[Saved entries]
'''

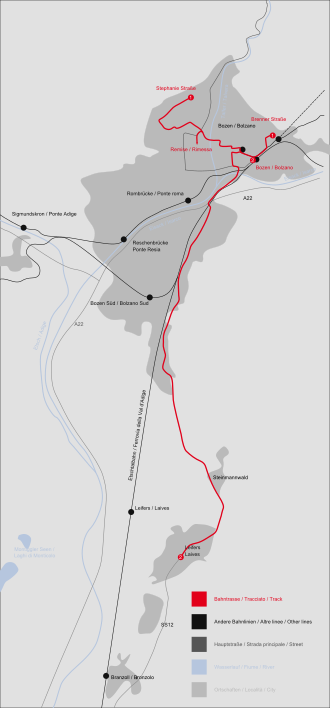 Die Linie 2 wurde in mehreren Bauabschnitten errichtet, da die Betreiber der Etschtalbahn die Konkurrenz fürchteten. Doch lag der Bahnhof Leifers so weit vom Ort entfernt, dass er für die lokale Bevölkerung nutzlos war. Eine direkt bis in den Ort fahrende Straßenbahn war bedeutend angenehmer. Von Leifers folgte die Bahn dem Verlauf der Brennerstraße bis zur Unterführung kurz vor dem Virgltunnel, um zur Trienter Straße wechseln zu können. Von hier aus gelangte die Bahn über den Dominikanerplatz auf den Waltherplatz und in das Gleis der Linie 1 und der Rittner Bahn. Kurz vor dem Bahnhof Bozen fädelte die Linie wieder aus und gelangte zu einem eigenen Endbahnhof südlich des Haupteinganges.
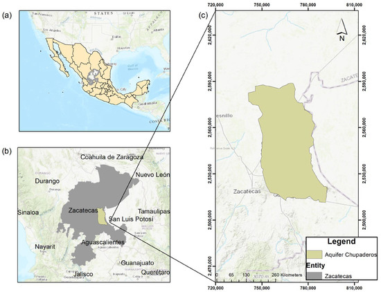 - CONAGUA CONAGUA/Acuíferos Zacatecas. Available online: https://sigagis.conagua.gob.mx/gas1/sections/Edos/zacatecas/zacatecas.html (accessed on 15 March 2024).
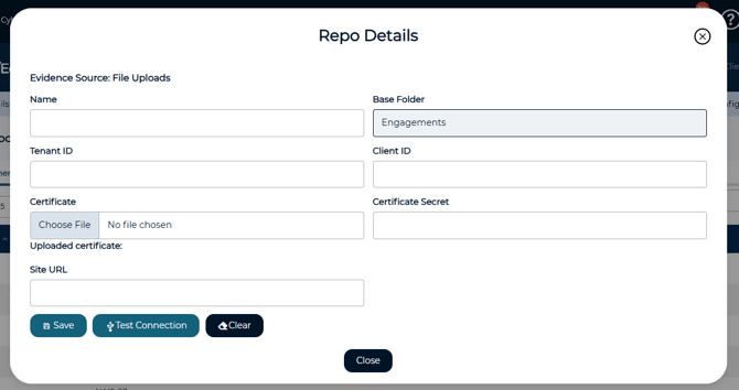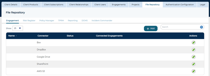 This view displays the available repository options for the client. Multiple repositories can be configured for engagements, while single repositories are used for other modules
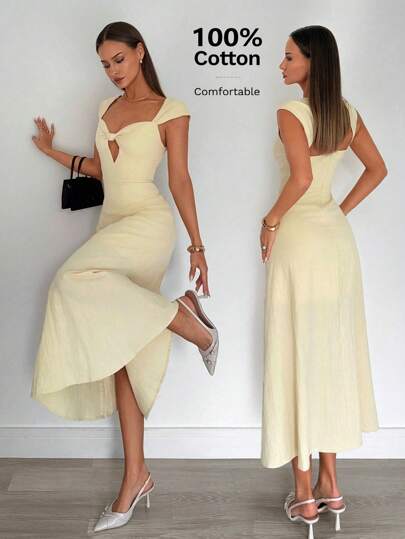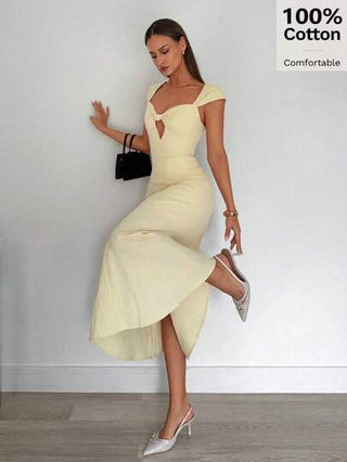 فساتين حريمي Siren Gaze فستان نسائي بلون واحد منتظم لكل يوم بياقة على شكل قلب ومقطوع من الصدر برقيق التصميم
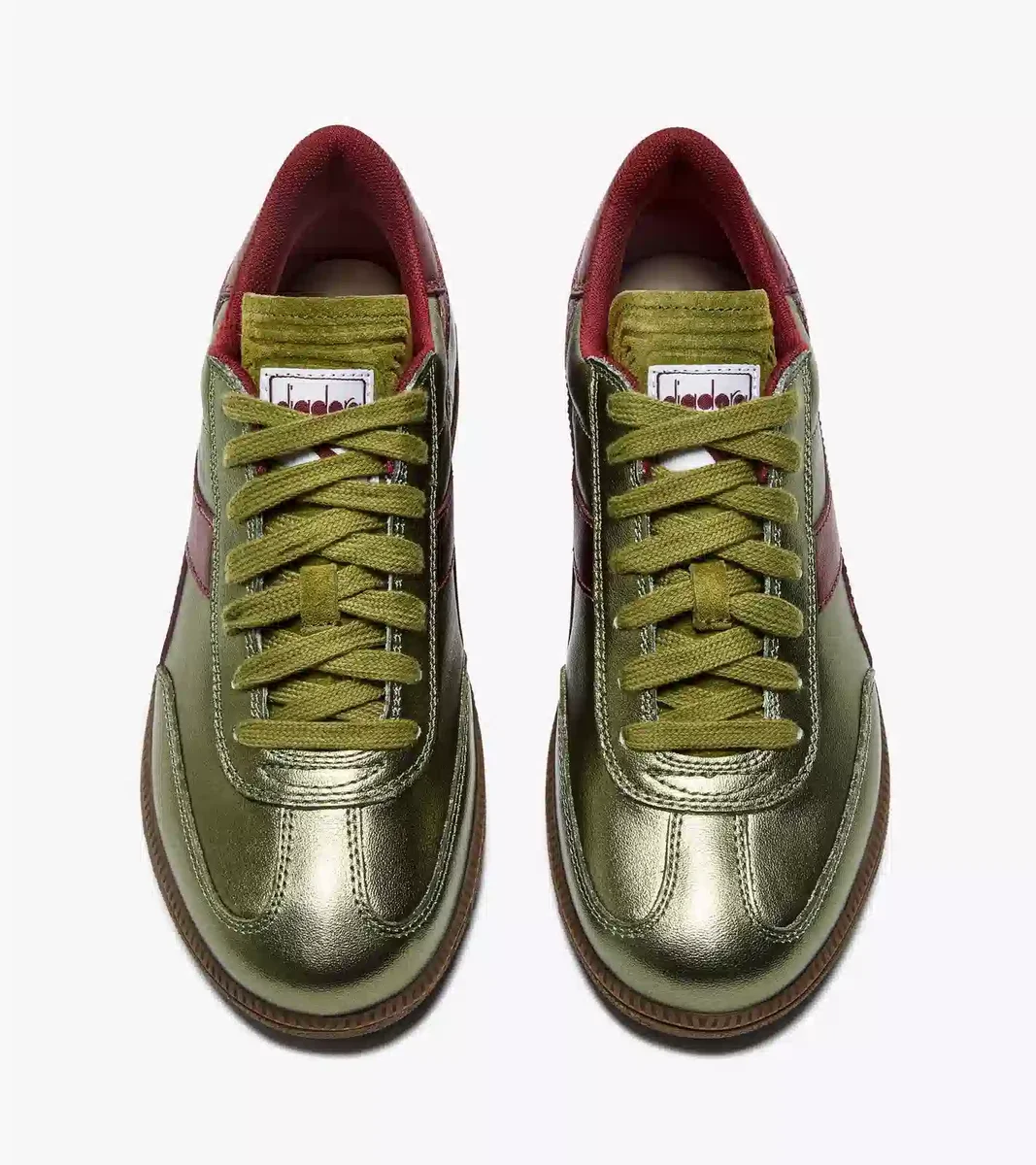 Trainer Metalized: die Version mit einem vollständig metallischen Obermaterial aus Leder und kontrastierendem Logo. Definitiv alles andere als unauffällig.
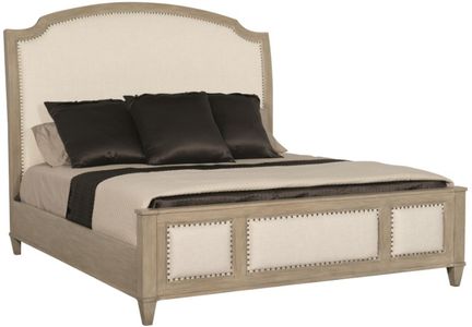 A fresh take on a classic form, the Santa Barbara panel bed blends refined details with a clean, modern aesthetic. The headboard and footboard showcase inset upholstered panels with nailhead trim. The shaped frames of the headboard and footboard are created with wire-brushed oak veneers in neutral sandstone finish.Read More
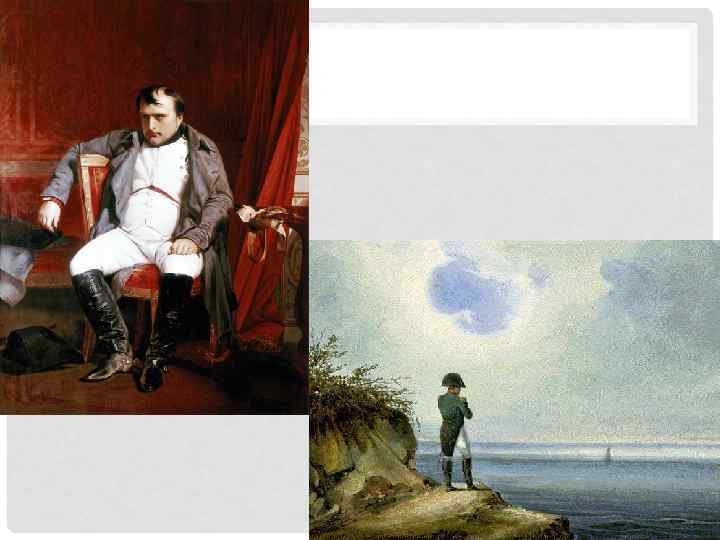 СОБЫТИЯ ПОСЛЕ 1810 ГОДА • Сначала – освободитель и республиканец, потом – тиран и завоеватель • 1810 год – экономический кризис, усталость от высоких налогов и затянувшейся войны • Военные поражения в России (1812) и под Лейпцигом (1813) • 1814 – свержение, попытка самоубийства и изгнание • 20 марта – 22 июня 1815 г. – «Сто дней» • Ватерлоо, бегство из Франции, английский плен, ссылка на остров Св. Елены, смерть в 1821 г.

'''

> WHAT TO DO
Repeat word for word the lines starting at the one with "- CONAGUA CONAGUA/Acuíferos" and ending at the final line of the records above, both included; no pictures.

> SOLUTION
 - CONAGUA CONAGUA/Acuíferos Zacatecas. Available online: https://sigagis.conagua.gob.mx/gas1/sections/Edos/zacatecas/zacatecas.html (accessed on 15 March 2024).
 This view displays the available repository options for the client. Multiple repositories can be configured for engagements, while single repositories are used for other modules
 فساتين حريمي Siren Gaze فستان نسائي بلون واحد منتظم لكل يوم بياقة على شكل قلب ومقطوع من الصدر برقيق التصميم
 Trainer Metalized: die Version mit einem vollständig metallischen Obermaterial aus Leder und kontrastierendem Logo. Definitiv alles andere als unauffällig.
 A fresh take on a classic form, the Santa Barbara panel bed blends refined details with a clean, modern aesthetic. The headboard and footboard showcase inset upholstered panels with nailhead trim. The shaped frames of the headboard and footboard are created with wire-brushed oak veneers in neutral sandstone finish.Read More
 СОБЫТИЯ ПОСЛЕ 1810 ГОДА • Сначала – освободитель и республиканец, потом – тиран и завоеватель • 1810 год – экономический кризис, усталость от высоких налогов и затянувшейся войны • Военные поражения в России (1812) и под Лейпцигом (1813) • 1814 – свержение, попытка самоубийства и изгнание • 20 марта – 22 июня 1815 г. – «Сто дней» • Ватерлоо, бегство из Франции, английский плен, ссылка на остров Св. Елены, смерть в 1821 г.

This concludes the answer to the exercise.